»»

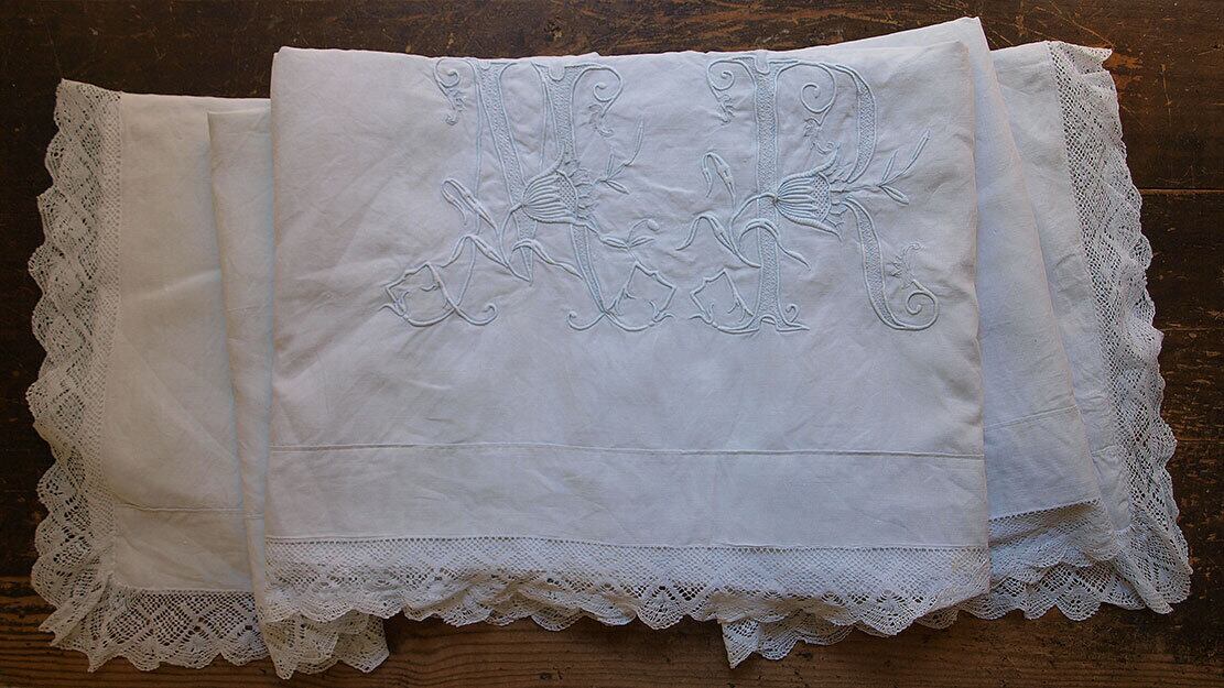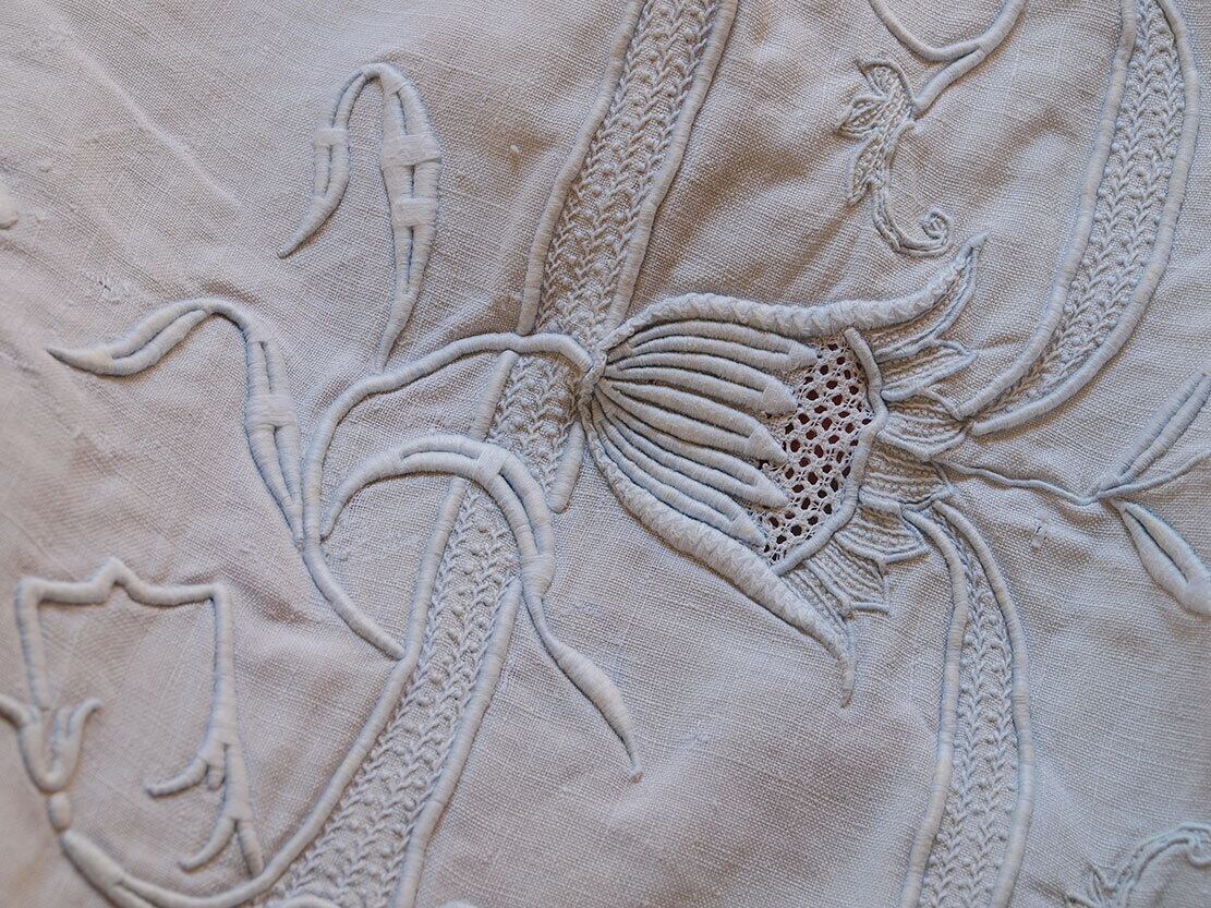 南欧のアンティーク市にて入手。1930年ぐらい。豪華な刺繍とボビンレースのベッドリネン。刺繍部分を表に折り返して使います。中央の大きな 刺繍は39cm×25cm、端から68cmまでニードルレース5.5cm有り。中央のイニシャル刺繍の右に小さな穴あります。他には特に目立つダメージはないと思います、写真でご確認いただけます。洗濯済、シーツとしてご利用頂けるアンティークです。古いものにご理解のある方のみご入札ください。参考資料、リメイクにもどうぞ。ファブリック、衣装、手芸関連を得意としております。他の商品も是非ご覧下さい。
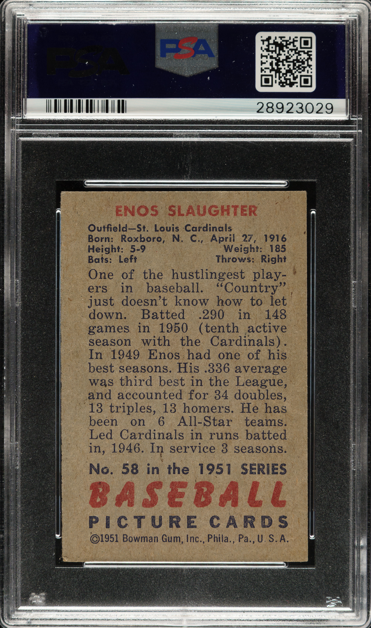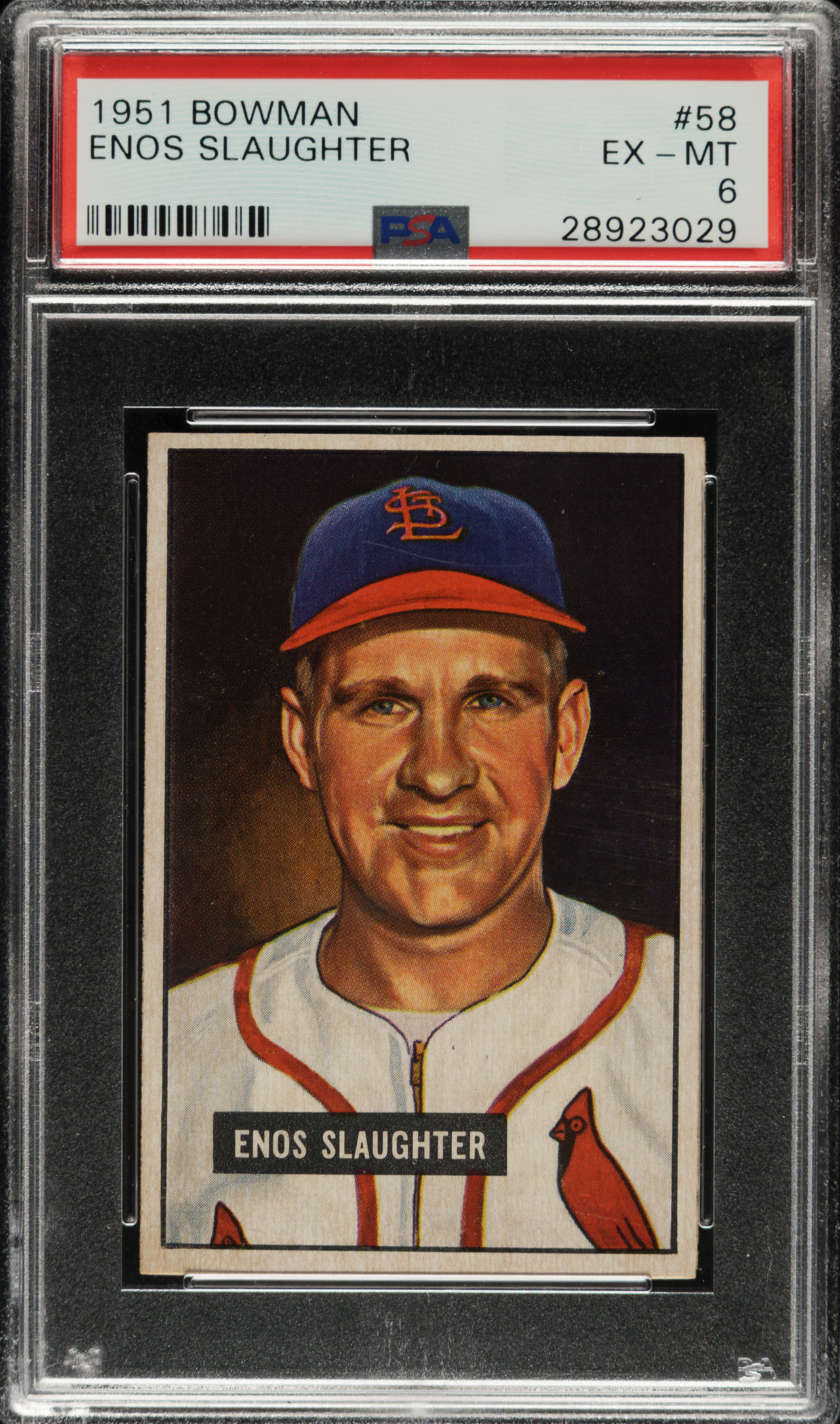Lot # 1396: 1951 Bowman #58 Enos Slaughter PSA EX-MT 6
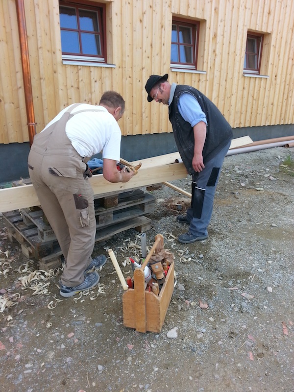 Auch unser Göd, da Chiemgau, war mit seinen Gauvorständen Miche Huber und Georg Westner zum Arbeiten in Holzhausen. Und so werkelte man mit vereinten Kräften, wie man auf den Bildern sehen kann.
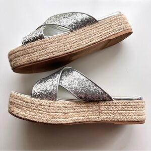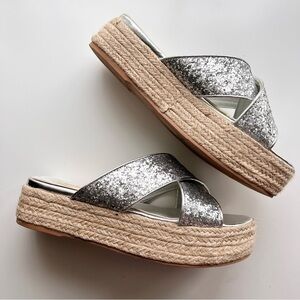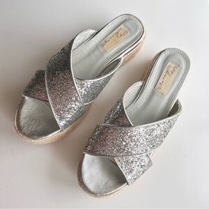 Vintage Havana Marbella Silver Glitter Espadrille Slide Sandal
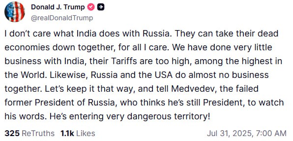 „La fel, Rusia și SUA nu fac aproape deloc afaceri împreună. Să rămână așa și să-i spunem lui Medvedev, fostul președinte eșuat al Rusiei, care crede că este încă președinte, să-și măsoare cuvintele. Intră pe un teritoriu foarte periculos!”
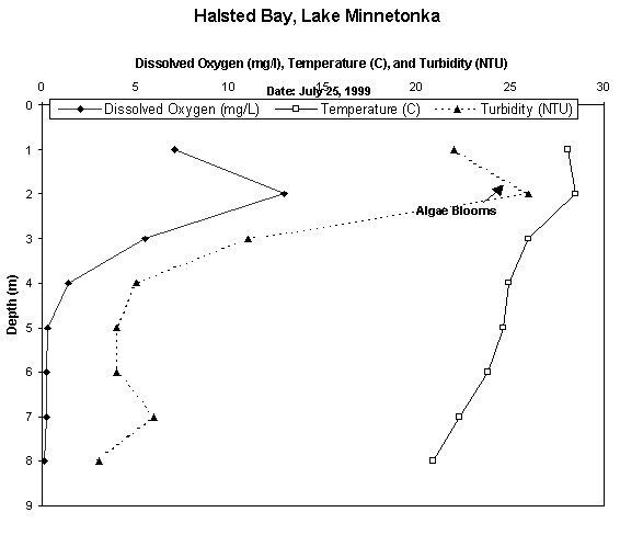 The development of anoxic conditions in the hypolimnion causes a nutrient (e.g. phosphorus and nitrogen) release from the bottom sediments. In relatively deep basins, these nutrients often become entrapped within the hypolimnion due to stratification, and most likely are not available for algae production. RUSS data indicated that there were no significant changes in stratification within West Upper and Lake Independence throughout the summer. However, nutrients released from the bottom sediments can become available to algae in relatively shallow basins due to wind mixing events that eventually degrade stratification (called internal loading). We found that the Halsted Bay RUSS unit recorded two unexpected incidences in which temperature and dissolved oxygen became uniform throughout the water column (August 29 and September 5, 1999). We speculate these mixing events within Halsted Bay were conducive to internal loading. Those nutrients that became available from mixing events resulted in algae blooms in Halsted Bay.

««

What is needed here is an exact transcription of every record above, with images excluded.

 南欧のアンティーク市にて入手。1930年ぐらい。豪華な刺繍とボビンレースのベッドリネン。刺繍部分を表に折り返して使います。中央の大きな 刺繍は39cm×25cm、端から68cmまでニードルレース5.5cm有り。中央のイニシャル刺繍の右に小さな穴あります。他には特に目立つダメージはないと思います、写真でご確認いただけます。洗濯済、シーツとしてご利用頂けるアンティークです。古いものにご理解のある方のみご入札ください。参考資料、リメイクにもどうぞ。ファブリック、衣装、手芸関連を得意としております。他の商品も是非ご覧下さい。
Lot # 1396: 1951 Bowman #58 Enos Slaughter PSA EX-MT 6
 Auch unser Göd, da Chiemgau, war mit seinen Gauvorständen Miche Huber und Georg Westner zum Arbeiten in Holzhausen. Und so werkelte man mit vereinten Kräften, wie man auf den Bildern sehen kann.
 Vintage Havana Marbella Silver Glitter Espadrille Slide Sandal
 „La fel, Rusia și SUA nu fac aproape deloc afaceri împreună. Să rămână așa și să-i spunem lui Medvedev, fostul președinte eșuat al Rusiei, care crede că este încă președinte, să-și măsoare cuvintele. Intră pe un teritoriu foarte periculos!”
 The development of anoxic conditions in the hypolimnion causes a nutrient (e.g. phosphorus and nitrogen) release from the bottom sediments. In relatively deep basins, these nutrients often become entrapped within the hypolimnion due to stratification, and most likely are not available for algae production. RUSS data indicated that there were no significant changes in stratification within West Upper and Lake Independence throughout the summer. However, nutrients released from the bottom sediments can become available to algae in relatively shallow basins due to wind mixing events that eventually degrade stratification (called internal loading). We found that the Halsted Bay RUSS unit recorded two unexpected incidences in which temperature and dissolved oxygen became uniform throughout the water column (August 29 and September 5, 1999). We speculate these mixing events within Halsted Bay were conducive to internal loading. Those nutrients that became available from mixing events resulted in algae blooms in Halsted Bay.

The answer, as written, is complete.